Parametric Quantile Copula Regression for Bivariate Median Based Unit Rayleigh

This research introduces a comprehensive parametric copula regression framework, meticulously designed to model the joint behavior of two response variables, specifically conditioned on a chosen predictor variable. The innovative methodology effectively synthesizes parametric regression techniques for the marginal distributions with a copula function, which adeptly captures the intricate dependence structure between the response variables. Leveraging Sklar’s theorem, the formulation of the joint conditional density is achieved by expressing it as the product of the marginal densities and a copula density. Notably, the parameter of the copula is allowed to vary as a function of the covariate, enhancing the model's flexibility and adaptability. A Gumbel copula is utilized, which is particularly adept at modeling upper-tail dependence, and its parameter is intricately linked to the predictor through a smooth parametric function, ensuring a nuanced representation of relationships.
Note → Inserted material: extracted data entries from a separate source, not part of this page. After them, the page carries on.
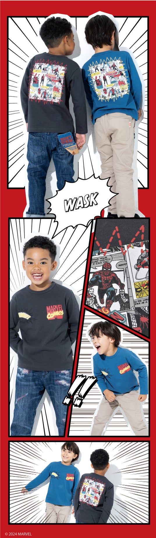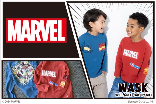 神戸発、子供アパレルの株式会社べべ(本社:兵庫県神戸市、代表取締役社長:卜部 正寿)が展開する「WASK(ワスク)」より、 WASKオリジナルデザインの「MARVER(マーベル)」アイテムが登場。『スパイダーマン』『アイアンマン』『キャプテン・アメリカ』のアイテムを展開。8月2日(金)よりWASK(ワスク)全国38店舗、BEBE公式オンラインストア(BEBE MALL)にて同時発売。
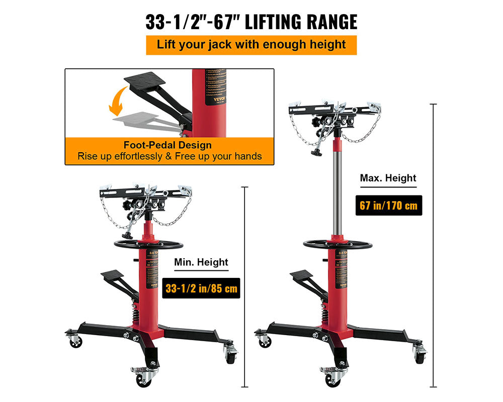 This 2-stage hydraulic telescoping transmission jack is designed to securely guide transmissions during installation or removal. With a capacity of 1322 lbs to 1660 lbs (600 kg to 750 kg), it is ideal for automotive and light truck tasks.33-1/2" to 67" (85 cm to 170 cm) Lifting Range:
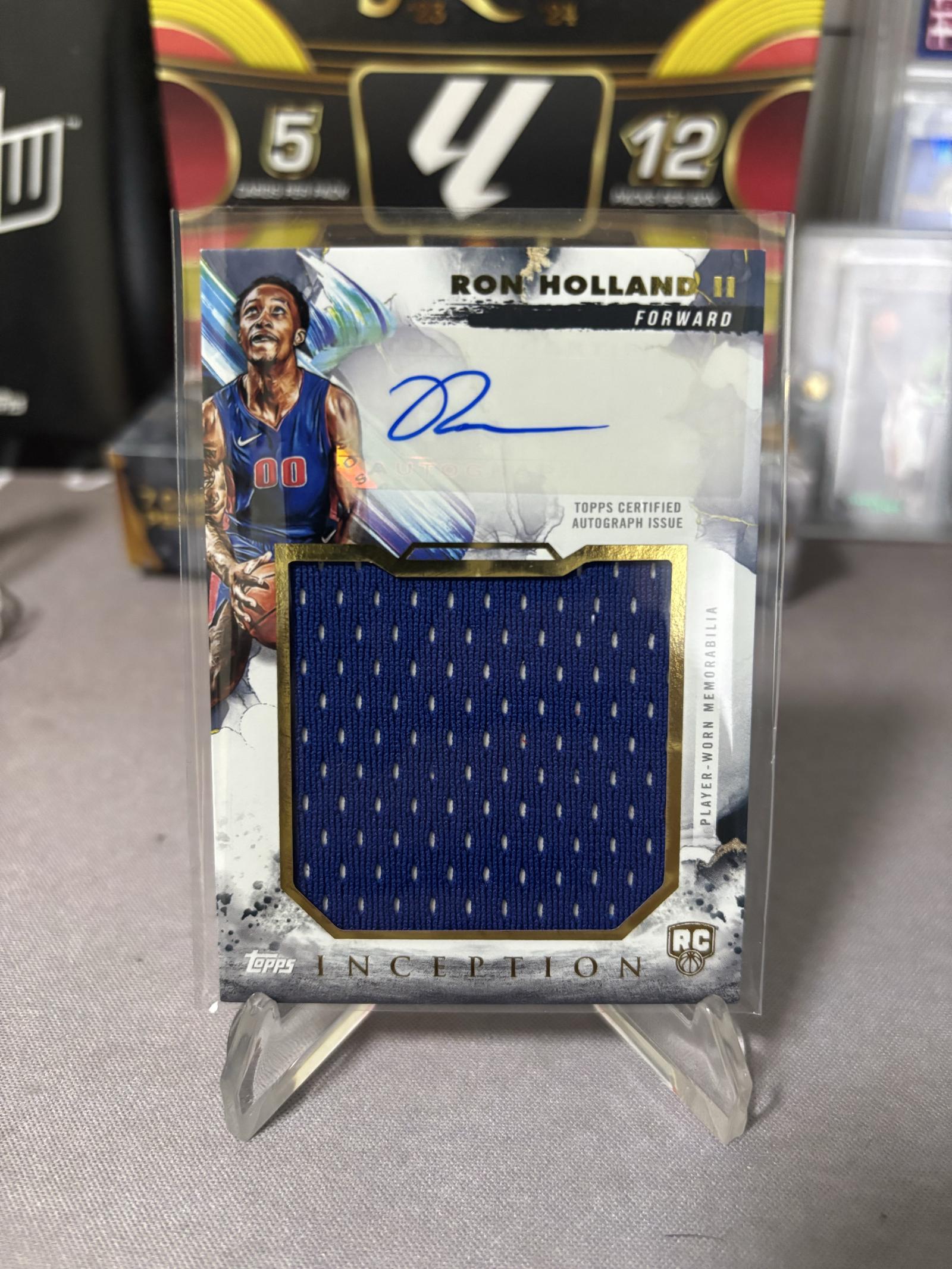This is a 2024-25 Topps Inception basketball card featuring Ron Holland. It includes a certified autograph and a large player-worn jersey patch. The card highlights Holland as a forward and is marked as a rookie card (RC). The card is encased in a protective plastic holder for display.
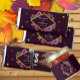 Romantische herfstdahlia bruiloft: herfstbladeren begeleiden een bloemig lijst in verschillende tinten paarse
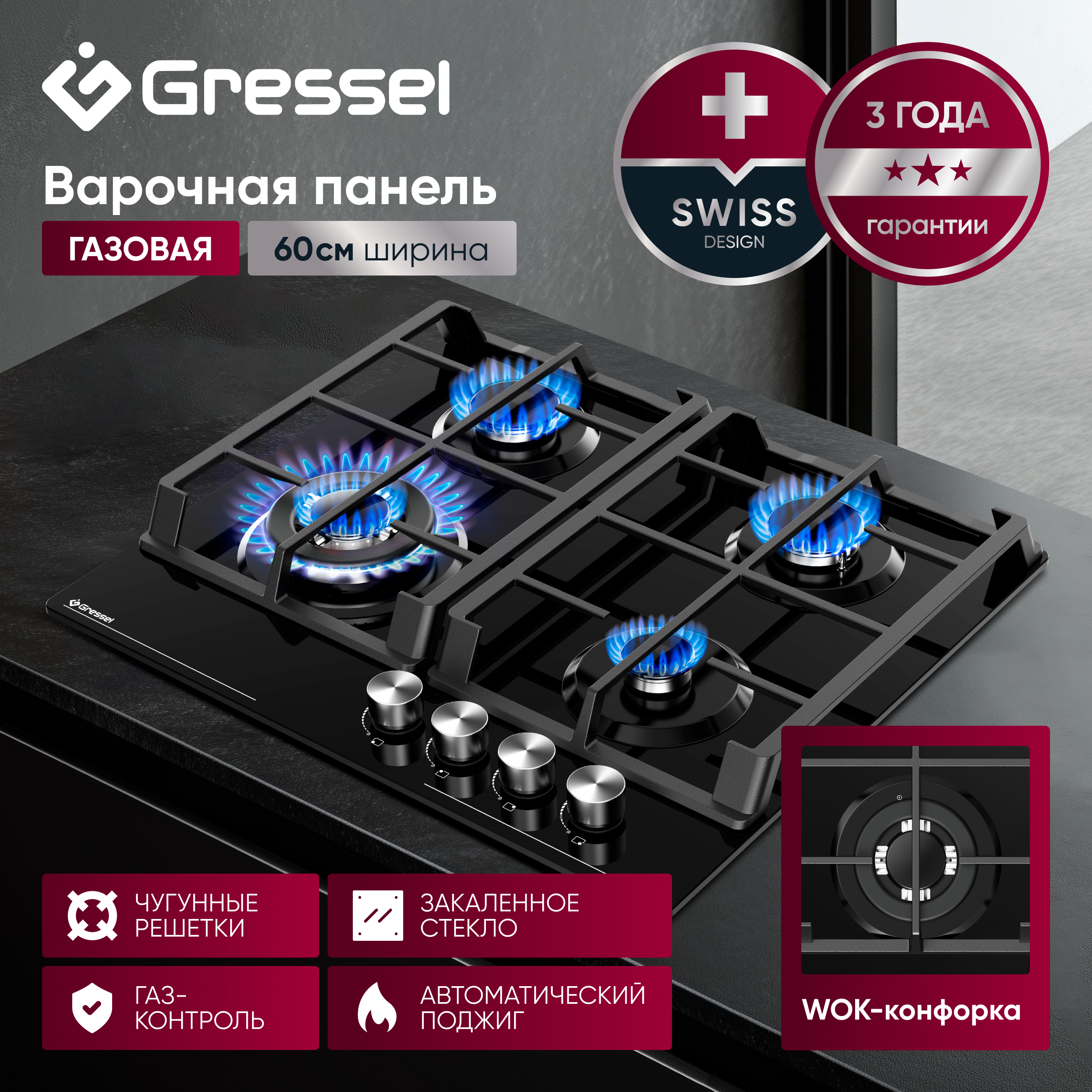 Газовая варочная панель GRESSEL U60H41S001 60 см, закаленное стекло, WOK-конфорка, автоматический розжиг, газ-контроль, чугунные решетки
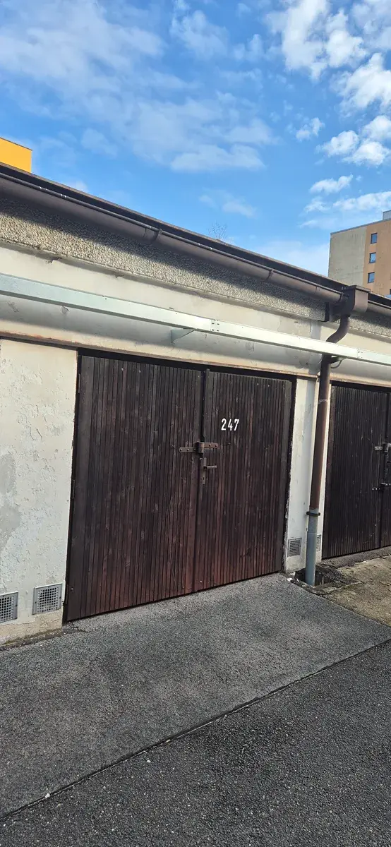 Rozměr garáže je: délka 647cm x šířka 286cm x výška 247cm, průjezdná výška vjezdových vrat je 186 cm.
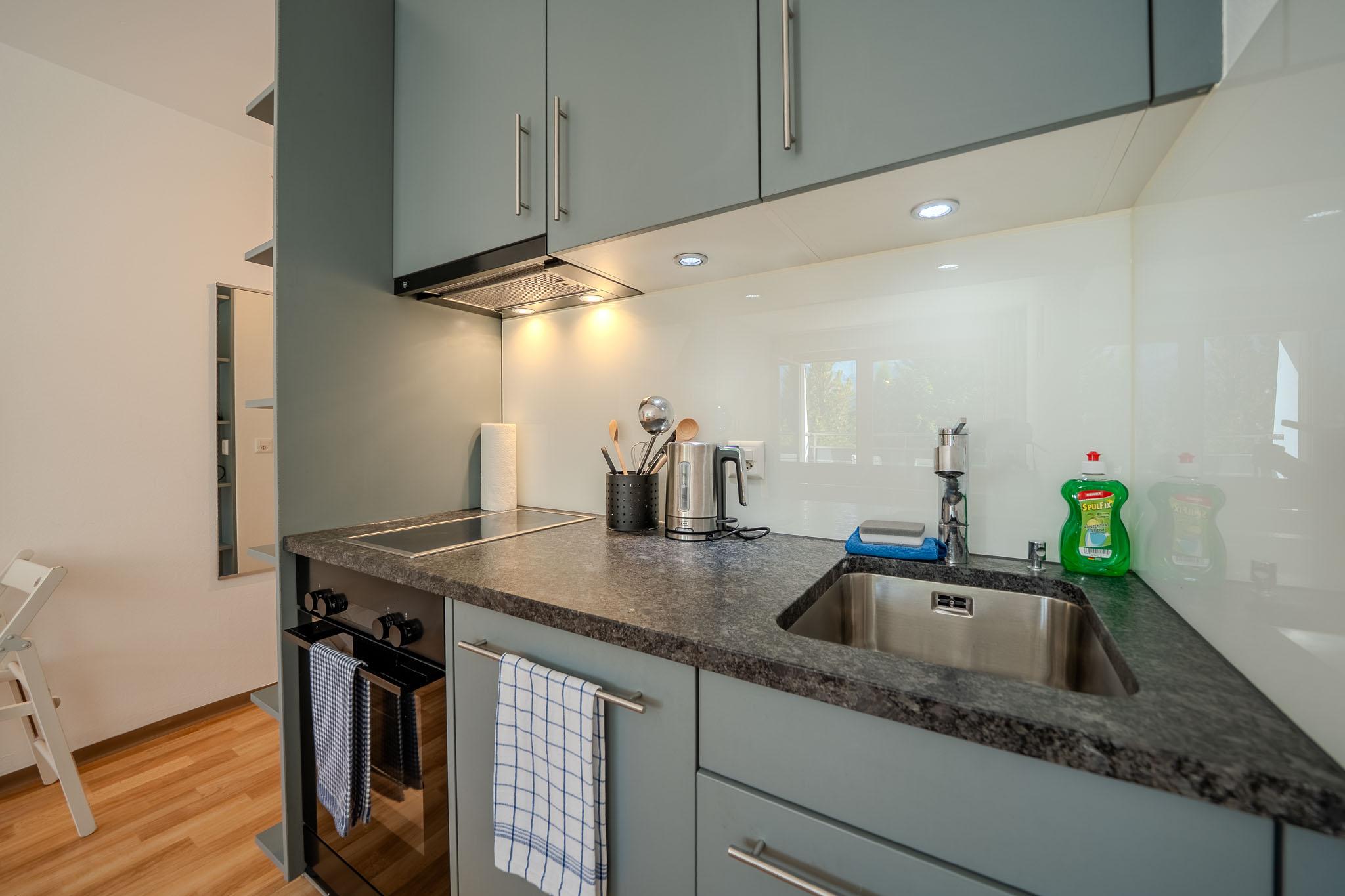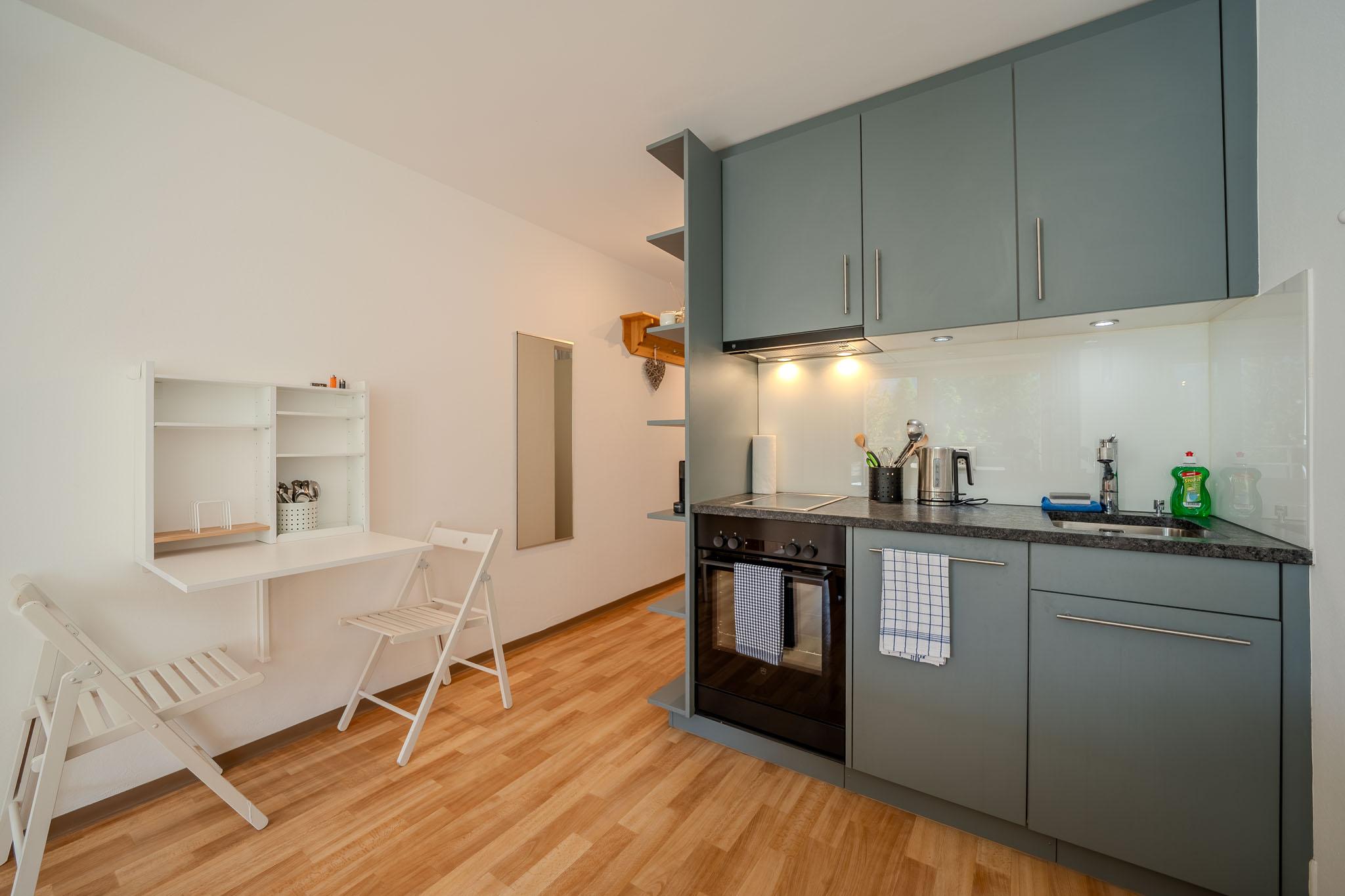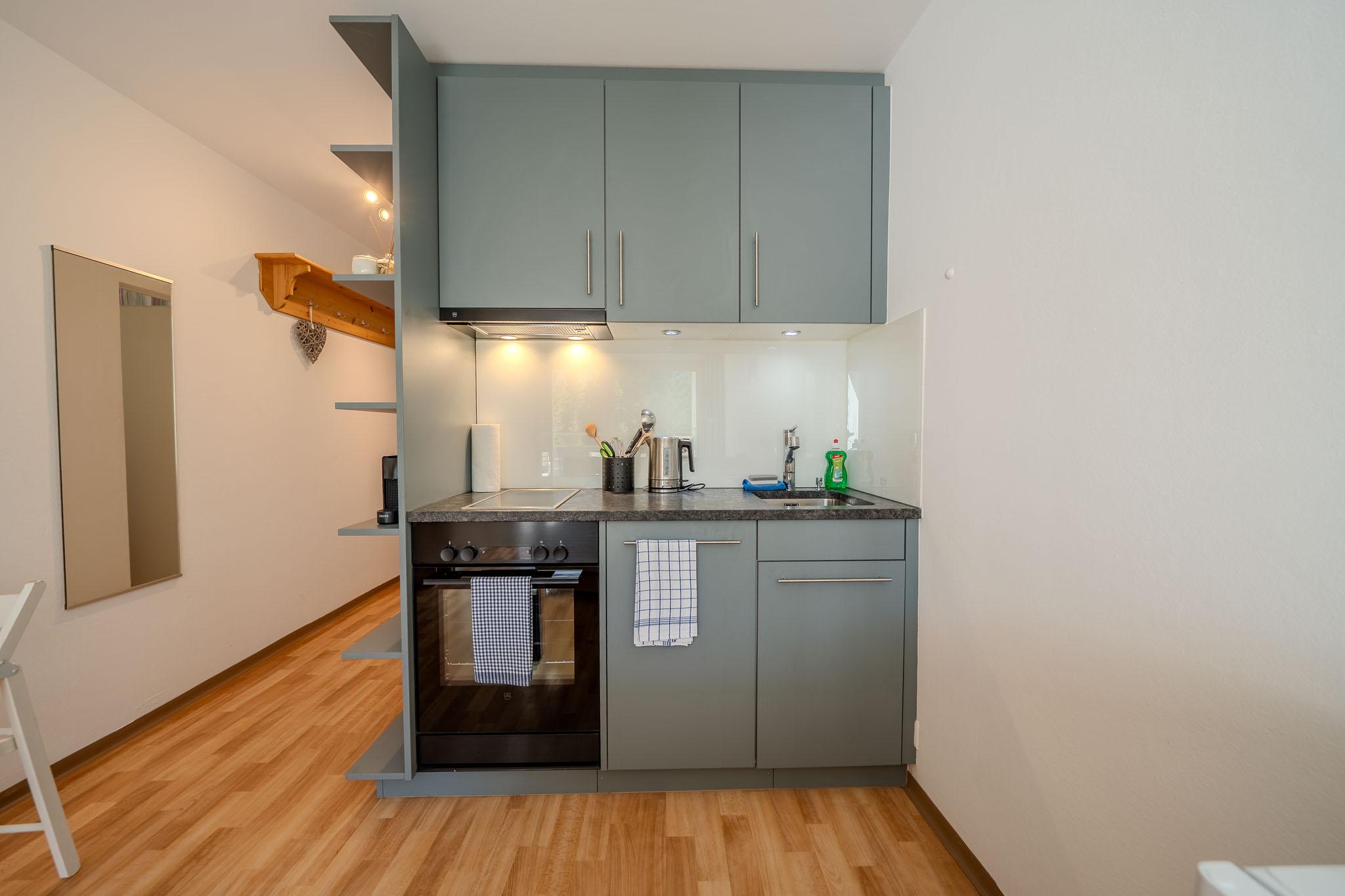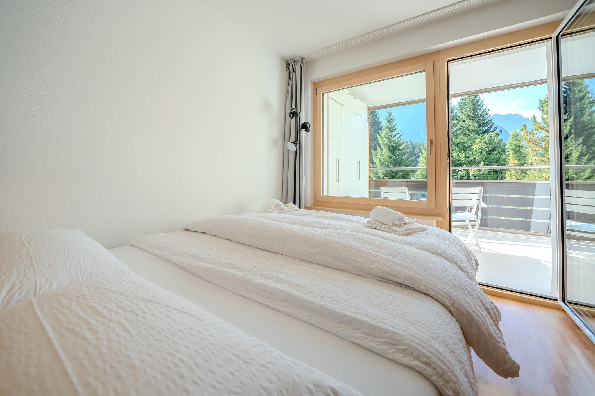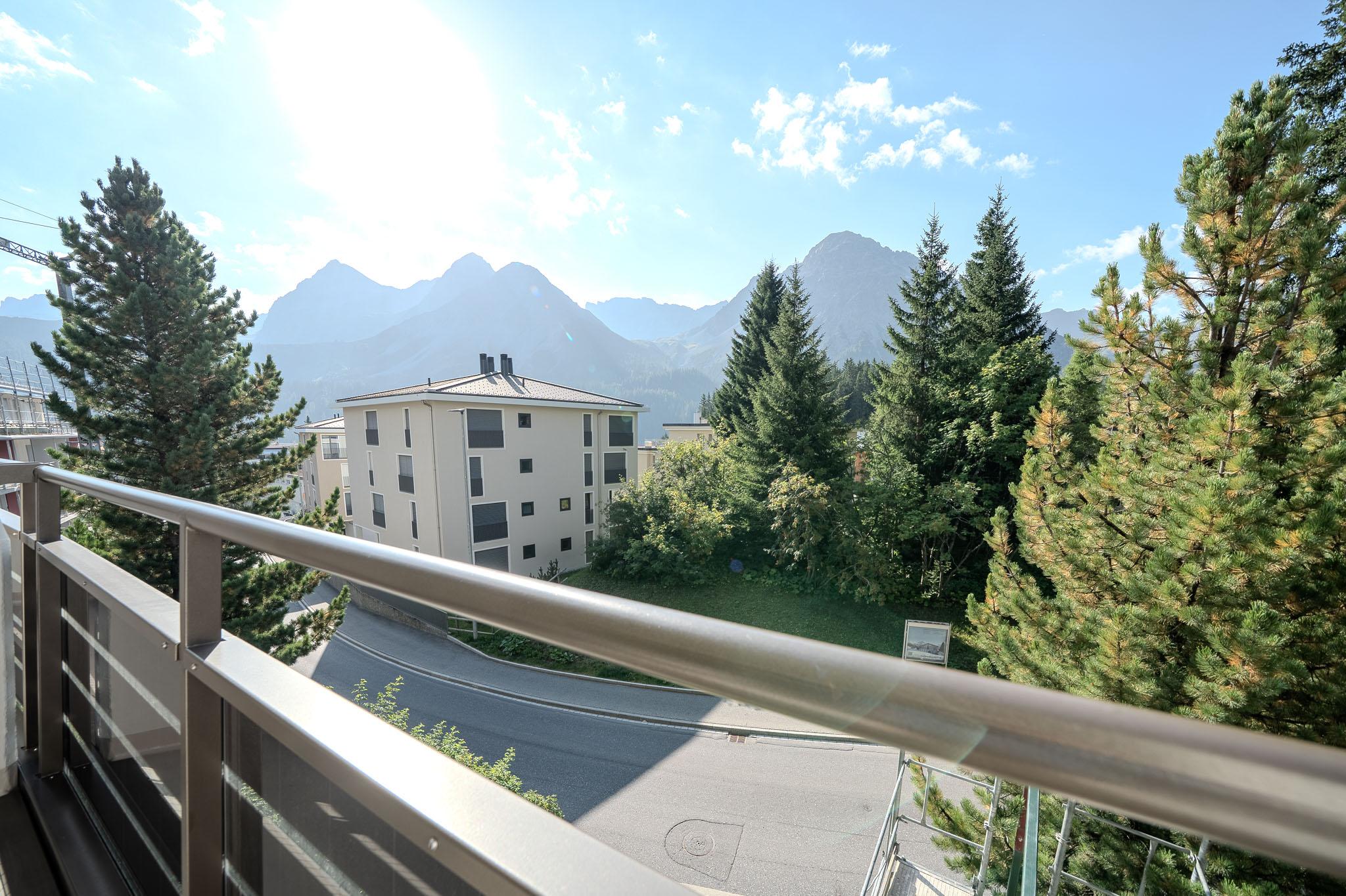 Unsere Wohnung im Haus Alexandra ist ein gemütliches Studio mit Doppelbett und Balkon mit Bergblick im Zentrum von Arosa.

For parameter estimation, the study employs the Inference Functions for Margins (IFM) method, which facilitates efficient and accurate estimation of model parameters. Additionally, a range of diagnostic tools based on the analysis of residuals are utilized to validate the adequacy of the model, ensuring that the fit is not only statistically sound but also meaningful in practical applications. The findings of this study reveal a significant trend: the dependence between the response variables tends to diminish as the predictor variable increases. This observation highlights the critical need to address associations that depend on covariates, a factor often overlooked in traditional analyses. Overall, this proposed framework stands out as a versatile and interpretable tool for analyzing complex multivariate relationships. Its potential for application spans various fields, making it a valuable resource in both academic research and professional practice. The framework offers possibilities for deeper insights into data that involves multiple interconnected response variables, reinforcing its relevance across diverse analytical contexts.